Not a great result for Abbott, to be sure, considering the company’s Trilipix/Tricor franchise generates over $1 bil. in US revenue. Panelist William Hiatt (University of Colorado Denver), a former chairman of the Cardio-Renal Advisory Committee, was blunt: “It’s a clearly negative trial.”
Abbott was clear upfront that the company had nothing to do with ACCORD. James Stolzenbach, Dyslipidemia Divisional VP, who handled the MC duties for the company during the sponsor presentation, made clear that Abbott was not seeking a new indication for Trilipix nor did the company conduct or have a role in conducting the ACCORD study; Stolzenbach “apologized in advance” to the committee if Abbott could not answer all the questions asked of them because the firm was not privy to the full dataset.
Stolzenbach’s comments underscored the fact that Abbott was a bystander for a critical regulatory re-review of one of its most important product franchises. In essence, the company was watching while one agency, FDA, was figuring out what to do with the results of a government-run study conducted by another agency, NIH.
The way the advisory committee review was set up and played out, it appeared clear that FDA has wanted Abbott to conduct another trial of a fibrate/statin combo for some time and the way to do it was take the question to panel in the absence of an overt safety signal that would trigger the agency’s authorities under the FDA Amendments Act.
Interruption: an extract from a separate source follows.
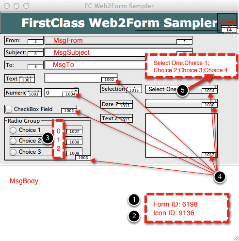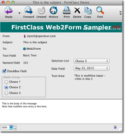 The message envelope will support the following different types of FirstClass fields when submitted via a form and perl script generated by the Web2Form application.

In a memorandum dated April 25 from Division of Metabolism & Endocrinology Products Deputy Director Eric Colman to the committee, a key question—question 6—was originally proposed with five options for the committee to vote on and the committee could recommend more than one action:
a) allow continued marketing of Trilipix’s indication for coadministration with a statin without revision of the labeling;
b) withdraw approval of Trilipix’s indication for coadministration with a statin;
c) allow continued marketing of Trilipix’s indication for coadministration with a statin with revision of the labeling to incorporate the principal findings from ACCORD-Lipid;
d) Require the conduct of a clinical trial designed to test the hypothesis that, in high-risk men and women at LDL-C goal on a statin with residually high TG and low HDL-C, add-on therapy with Trilipix versus placebo significantly lowers the risk for MACE; and/or
e) other.
But in the draft questions to the advisory committee, question 6 was broken up into two parts, A and B. Question 6A asked the committee to vote first (“yes” or “no”) on whether FDA should require a new study as described above in d). Question 6B asked the committee to vote for only one option of the following: no change to the Trilipix indication, withdraw the indication for coadministration with a statin, or allow continued marketing of Trilipix with a revision of the labeling to include the principle findings from ACCORD.
The panel voted unanimously (13-0) that Abbott should conduct another clinical study. Specifically, the trial should study the hypothesis that in high-risk men and women at LDL-C goal on a statin with residually high triglyceride levels and low HDL-C, add-on therapy with Trilipix versus placebo significantly lowers the risk of major adverse cardiovascular events (MACE).
Now, it appears as though Abbott will have to conduct a large clinical study that, if positive, would show an outcome benefit for a more defined patient population than the broader FDA-approved indication the company already has.
We asked Cleveland Clinic cardiologist Steve Nissen, an occasional Cardio-Renal panelist, for his take on the ACCORD study. “These drugs have done amazingly well in the absence of any evidence of a health outcome benefit,” he said. “Trilipix was approved to ‘reduce triglycerides’ based upon the premise that high trigs are associated with pancreatitis. Only one problem – no one has ever demonstrated that lowering trigs with fenofibrate or fenofibric acid actually reduces the incidence of pancreatitis.”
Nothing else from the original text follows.